• **Task details**: Each record that follows goes into your reply unchanged; the pictures do not.

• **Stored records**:
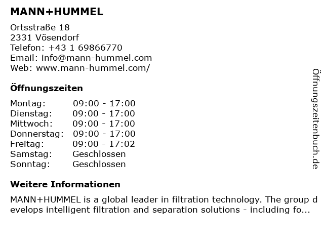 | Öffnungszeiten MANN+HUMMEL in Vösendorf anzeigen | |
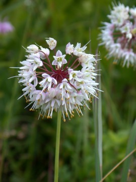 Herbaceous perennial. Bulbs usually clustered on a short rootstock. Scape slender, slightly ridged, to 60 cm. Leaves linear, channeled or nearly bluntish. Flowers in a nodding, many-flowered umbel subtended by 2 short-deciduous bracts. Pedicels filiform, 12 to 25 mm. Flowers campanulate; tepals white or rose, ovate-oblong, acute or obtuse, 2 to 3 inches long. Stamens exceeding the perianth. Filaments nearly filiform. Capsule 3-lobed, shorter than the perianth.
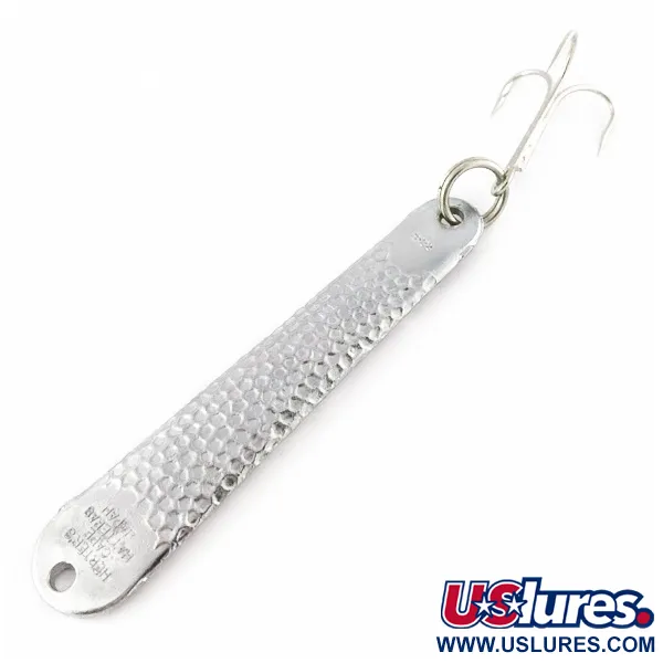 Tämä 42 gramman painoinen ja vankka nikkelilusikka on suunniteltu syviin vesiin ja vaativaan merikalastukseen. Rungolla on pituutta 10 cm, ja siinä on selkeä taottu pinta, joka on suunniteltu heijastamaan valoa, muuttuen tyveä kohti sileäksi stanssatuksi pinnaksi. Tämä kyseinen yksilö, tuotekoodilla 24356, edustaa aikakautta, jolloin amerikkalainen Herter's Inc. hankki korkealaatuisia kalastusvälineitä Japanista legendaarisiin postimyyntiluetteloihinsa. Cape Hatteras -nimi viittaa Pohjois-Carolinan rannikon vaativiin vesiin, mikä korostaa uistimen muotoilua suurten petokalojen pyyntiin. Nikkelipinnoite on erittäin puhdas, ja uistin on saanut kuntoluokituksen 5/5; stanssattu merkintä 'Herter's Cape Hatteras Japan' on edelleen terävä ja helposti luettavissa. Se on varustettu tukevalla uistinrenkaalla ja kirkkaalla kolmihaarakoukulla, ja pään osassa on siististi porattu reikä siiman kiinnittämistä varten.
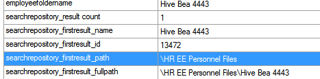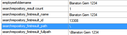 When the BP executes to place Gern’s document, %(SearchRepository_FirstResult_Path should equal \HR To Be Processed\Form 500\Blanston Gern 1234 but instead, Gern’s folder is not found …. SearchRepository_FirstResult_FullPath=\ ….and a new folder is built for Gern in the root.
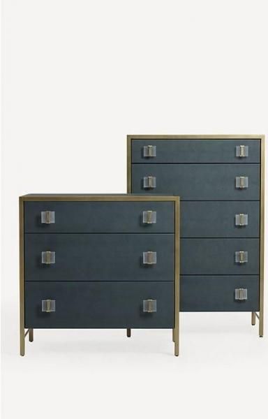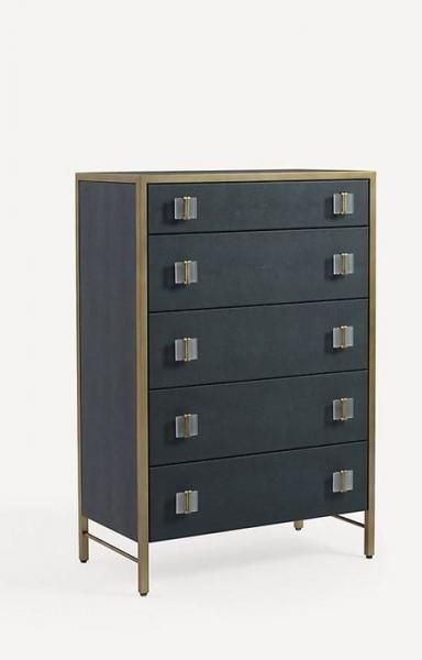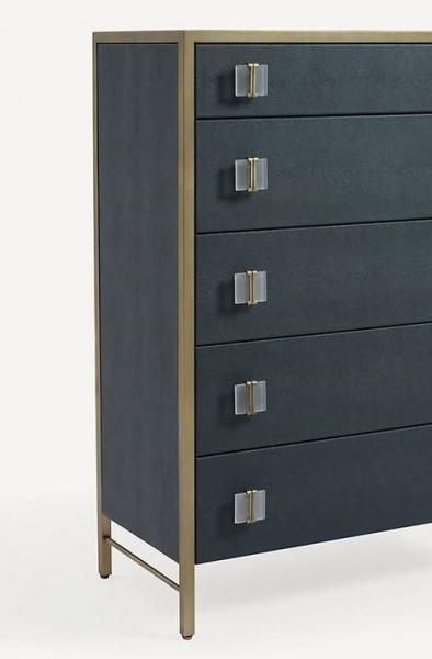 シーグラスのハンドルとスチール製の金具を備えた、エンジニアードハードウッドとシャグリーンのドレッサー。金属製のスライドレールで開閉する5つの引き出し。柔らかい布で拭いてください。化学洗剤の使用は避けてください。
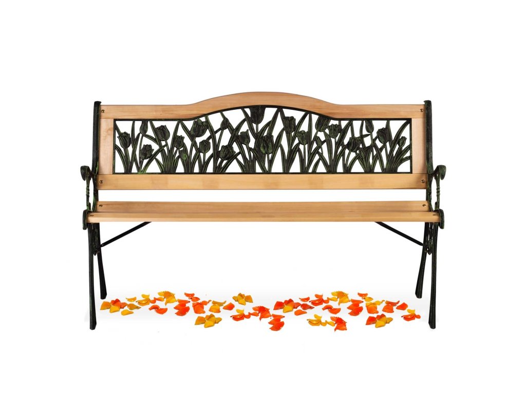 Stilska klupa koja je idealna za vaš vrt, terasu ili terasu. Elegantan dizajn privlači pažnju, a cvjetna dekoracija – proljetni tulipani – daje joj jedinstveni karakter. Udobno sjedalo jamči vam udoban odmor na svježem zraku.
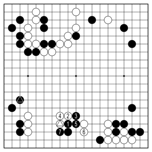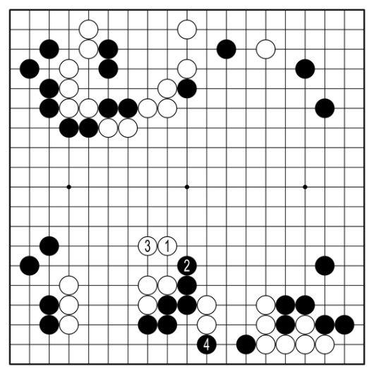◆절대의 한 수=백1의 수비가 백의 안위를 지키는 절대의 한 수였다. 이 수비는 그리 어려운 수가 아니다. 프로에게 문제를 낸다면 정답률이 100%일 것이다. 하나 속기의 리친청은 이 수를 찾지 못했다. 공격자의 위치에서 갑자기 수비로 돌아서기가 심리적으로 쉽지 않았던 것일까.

• **Response to this task**:
 | Öffnungszeiten MANN+HUMMEL in Vösendorf anzeigen | |
 Herbaceous perennial. Bulbs usually clustered on a short rootstock. Scape slender, slightly ridged, to 60 cm. Leaves linear, channeled or nearly bluntish. Flowers in a nodding, many-flowered umbel subtended by 2 short-deciduous bracts. Pedicels filiform, 12 to 25 mm. Flowers campanulate; tepals white or rose, ovate-oblong, acute or obtuse, 2 to 3 inches long. Stamens exceeding the perianth. Filaments nearly filiform. Capsule 3-lobed, shorter than the perianth.
 Tämä 42 gramman painoinen ja vankka nikkelilusikka on suunniteltu syviin vesiin ja vaativaan merikalastukseen. Rungolla on pituutta 10 cm, ja siinä on selkeä taottu pinta, joka on suunniteltu heijastamaan valoa, muuttuen tyveä kohti sileäksi stanssatuksi pinnaksi. Tämä kyseinen yksilö, tuotekoodilla 24356, edustaa aikakautta, jolloin amerikkalainen Herter's Inc. hankki korkealaatuisia kalastusvälineitä Japanista legendaarisiin postimyyntiluetteloihinsa. Cape Hatteras -nimi viittaa Pohjois-Carolinan rannikon vaativiin vesiin, mikä korostaa uistimen muotoilua suurten petokalojen pyyntiin. Nikkelipinnoite on erittäin puhdas, ja uistin on saanut kuntoluokituksen 5/5; stanssattu merkintä 'Herter's Cape Hatteras Japan' on edelleen terävä ja helposti luettavissa. Se on varustettu tukevalla uistinrenkaalla ja kirkkaalla kolmihaarakoukulla, ja pään osassa on siististi porattu reikä siiman kiinnittämistä varten.
 When the BP executes to place Gern’s document, %(SearchRepository_FirstResult_Path should equal \HR To Be Processed\Form 500\Blanston Gern 1234 but instead, Gern’s folder is not found …. SearchRepository_FirstResult_FullPath=\ ….and a new folder is built for Gern in the root.
 シーグラスのハンドルとスチール製の金具を備えた、エンジニアードハードウッドとシャグリーンのドレッサー。金属製のスライドレールで開閉する5つの引き出し。柔らかい布で拭いてください。化学洗剤の使用は避けてください。
 Stilska klupa koja je idealna za vaš vrt, terasu ili terasu. Elegantan dizajn privlači pažnju, a cvjetna dekoracija – proljetni tulipani – daje joj jedinstveni karakter. Udobno sjedalo jamči vam udoban odmor na svježem zraku.
◆절대의 한 수=백1의 수비가 백의 안위를 지키는 절대의 한 수였다. 이 수비는 그리 어려운 수가 아니다. 프로에게 문제를 낸다면 정답률이 100%일 것이다. 하나 속기의 리친청은 이 수를 찾지 못했다. 공격자의 위치에서 갑자기 수비로 돌아서기가 심리적으로 쉽지 않았던 것일까.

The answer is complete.